Nesse ínterim, porém, o rei dos caboclos ressuscita o rei dos negros, fazendo-o cheirar uma folha de jurema (ou de qualquer outro mato em seu lugar) e logo reiniciam-se os combates que agora serão breves e terminam pela prisão do rei dos negros. Espoucam foguetes, fogem e debandam os negros, a meninada cobre de vaias os vencidos e os caboclos vitoriosos aprisionam e amarram os negros que são vendidos aos assistentes.

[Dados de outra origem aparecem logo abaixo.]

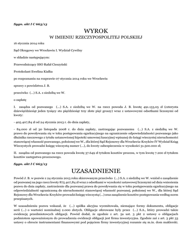 Sygn. akt I C 663/13 WYROK W IMIENIU RZECZYPOSPOLITEJ POLSKIEJ 16 stycznia 2014 roku Sąd Okręgowy we Wrocławiu I. Wydział Cywilny w składzie następującym: Przewodniczący SSO Rafał Cieszyński Protokolant Ewelina Kiałka po rozpoznaniu na rozprawie 07 stycznia 2014 roku we Wrocławiu sprawy z powództwa J. B. przeciwko (...) S.A. z siedzibą we W. o zapłatę I. zasądza od pozwanego (...) S.A. z siedzibą we W. na rzecz powoda J. B. kwotę 491.153,05 zł (czterysta dziewięćdziesiąt jeden tysięcy sto pięćdziesiąt trzy złote pięć groszy) wraz z ustawowymi odsetkami liczonymi od kwoty: - 405.407,84 zł od 24 stycznia 2013 r. do dnia zapłaty, - 84.000 zł od 30 listopada 2008 r. do dnia zapłaty, zastrzegając pozwanemu (...) S.A. z siedzibą we W. prawo do powoływania się w toku postępowania egzekucyjnego na ograniczenie odpowiedzialności pozwanego jako dłużnika rzeczowego z tytułu ustanowionej hipoteki umownej kaucyjnej wpisanej do księgi wieczystej nieruchomości stanowiącej własność pozwanego, położonej we W., dla której Sąd Rejonowy dla Wrocławia-Krzyków IV Wydział Ksiąg Wieczystych prowadzi księgę wieczystą numer (...), do kwoty zabezpieczenia w wysokości 31.500.000 zł; II. zasądza od pozwanego na rzecz powoda kwotę 37.649 zł tytułem kosztów procesu, w tym kwotę 7.200 zł tytułem kosztów zastępstwa procesowego. Sygn. akt I C 663/13 UZASADNIENIE Powód J. B. w pozwie z 24 stycznia 2013 roku skierowanym przeciwko (...) S.A. z siedzibą we W. wniósł o zasądzenie od pozwanej na jego rzecz kwoty 875.407,84 zł wraz z odsetkami w wysokości ustawowej liczonymi od dnia wniesienia pozwu do dnia zapłaty, zastrzeżenie dla pozwanej prawa do powoływania się w toku postępowania egzekucyjnego na odpowiedzialność ograniczoną do nieruchomości stanowiącej własność pozwanej, położonej we W., dla której Sąd Rejonowy dla Wrocławia-Krzyków prowadzi księgę wieczystą (...) oraz zasądzenie kosztów postępowania według norm przepisanych. W uzasadnieniu pozwu wskazał, że (...) spółka akcyjna wyemitowała, niemające formy dokumentu, obligacje serii (...) o wartości nominalnej 2.000 złotych. Obligacje oferowane były przez (...) S.A., który prowadzi także ewidencję przedmiotowych obligacji. Powód dodał, że zgodnie z art. 5a ust. 3 pkt 2 ustawy o obligacjach podmiotem upoważnionym do prowadzenia ewidencji obligacji jest firma inwestycyjna. Zgodnie zaś z art. 3 pkt 33 ustawy o obrocie instrumentami finansowymi pod pojęciem firmy inwestycyjnej rozumie się m.in. dom maklerski. Wyemitowane przez (...) S.A. obligacje serii (...) zostały zabezpieczone hipoteką ustanowioną m.in. na nieruchomości oznaczonej jako działka nr (...), objęta księgą wieczystą (...), w której to księdze w dziale II ujawnione jest aktualnie prawo własności (...) S.A. Powód podniósł, że nabył wyemitowane przez (...) S.A. obligacje serii (...) o numerach od (...) do (...), od (...) do (...) oraz od (...) do (...) i jest aktualnie ich posiadaczem. Powołując się na przepis art. 5a ustawy o obligacjach, powód podniósł, że prawa z obligacji niemających formy dokumentu powstają z chwilą dokonania zapisu w ewidencji i przysługują osobie w niej wskazanej jako posiadacz tych obligacji, przy czym umowa zobowiązująca do przeniesienia praw z obligacji niemających formy dokumentu przenosi te prawa z chwilą dokonania w ewidencji zapisu wskazującego osobę nabywcy i liczbę nabytych obligacji. Jako podstawę swoich roszczeń wskazał także przepis art. 509 § 2 k.c. Powód podał dalej, że (...) S.A. nie wypłaciła oprocentowania za ostatni kwartał (od 29 sierpnia 2008 roku do 29 listopada 2008 roku), nie wykupiła obligacji w terminie określonym w warunkach emisji, ani nie osiągnęła wyników finansowych określonych w punkcie 17 uchwały nr(...) (...) S.A. z 22 maja 2007 roku, zaś aktualnie (...) S.A. pozostaje w upadłości likwidacyjnej. Z uwagi na powyższe oraz warunki emisji określone w powołanych w pozwie dokumentach, w ocenie powoda według stanu na 31 grudnia 2012 roku przysługuje mu wobec pozwanej roszczenie o zapłatę kwoty 470.000 zł tytułem wykupu 270 obligacji po ich cenie nominalnej, o zapłatę kwoty 11.846,58 zł tytułem oprocentowania w wysokości 10% za okres od 30 sierpnia 2008 roku do 29 listopada 2008 roku, o zapłatę kwoty 94.000 zł tytułem dodatkowej premii w wysokości 20% ceny emisyjnej obligacji, o zapłatę kwoty 249.634,38 zł tytułem odsetek w wysokości ustawowej za opóźnienie w wykupie obligacji obliczonych od 30 listopada 2008 roku do 31 grudnia 2012 roku oraz o zapłatę kwoty 49.926,88 zł tytułem odsetek w wysokości ustawowej za opóźnienie w zapłacie dodatkowej premii obliczonych od 30 listopada 2008 roku do 31 grudnia 2012 roku, tj. łącznie o zapłatę kwoty 875.407,84 zł. Powód wyjaśnił, że roszczenie o zapłatę wskazanej wyżej premii było wymagalne w dniu wykupu obligacji tj. 29 listopada 2008 roku i dotyczyło spełnienia świadczenia pieniężnego, stąd żądanie zapłaty odsetek w wysokości ustawowej za opóźnienie w zapłacie tejże premii oraz w wykupie obligacji jest uzasadnione dyspozycją art. 481 § 1 k.c. Żądanie zapłaty odsetek od wskazanych skapitalizowanych odsetek za opóźnienie uzasadnione jest natomiast art. 482 § 1 k.c. roszczenia dochodzone pozwem są wymagalne i nie uległy przedawnieniu, którego termin w ustawie o obligacjach został określony na 10 lat. Odnośnie żądania dotyczącego przyznania pozwanej prawa do powoływania się w toku postępowania egzekucyjnego na ograniczenie jej odpowiedzialności zgodnie z przepisem art. 319 k.p.c. powód podniósł, że pozwana jest właścicielem nieruchomości, na której ustanowiono hipotekę zabezpieczającą obligacje, a więc odpowiada za zobowiązania wynikające z obligacji jako dłużnik rzeczowy. Nakazem zapłaty w postępowaniu upominawczym z 02 kwietnia 2013 roku w sprawi

Igualmente é presa a rainha que é geralmente vendida ou resgatada por um dos maiorais, presentes à festa.

E entre choros, súplicas, gaiatices e gatimônias dos cativos, especialmente do Papai Velho e da Catirina, termina o auto ou melhor o bailado dos quilombos.


[1]. A denominação de "Esquenta-Mulher" para a bandinha de pífanos foi dada pelo saudoso Major Bonifácio, de Bebedouro, devendo-se presumivelmente ao fato de agitar, de animar a bandinha, com suas marchas, tangos e chotes, o elenco feminino que participava ou assistia às festas de que era elemento indispensável.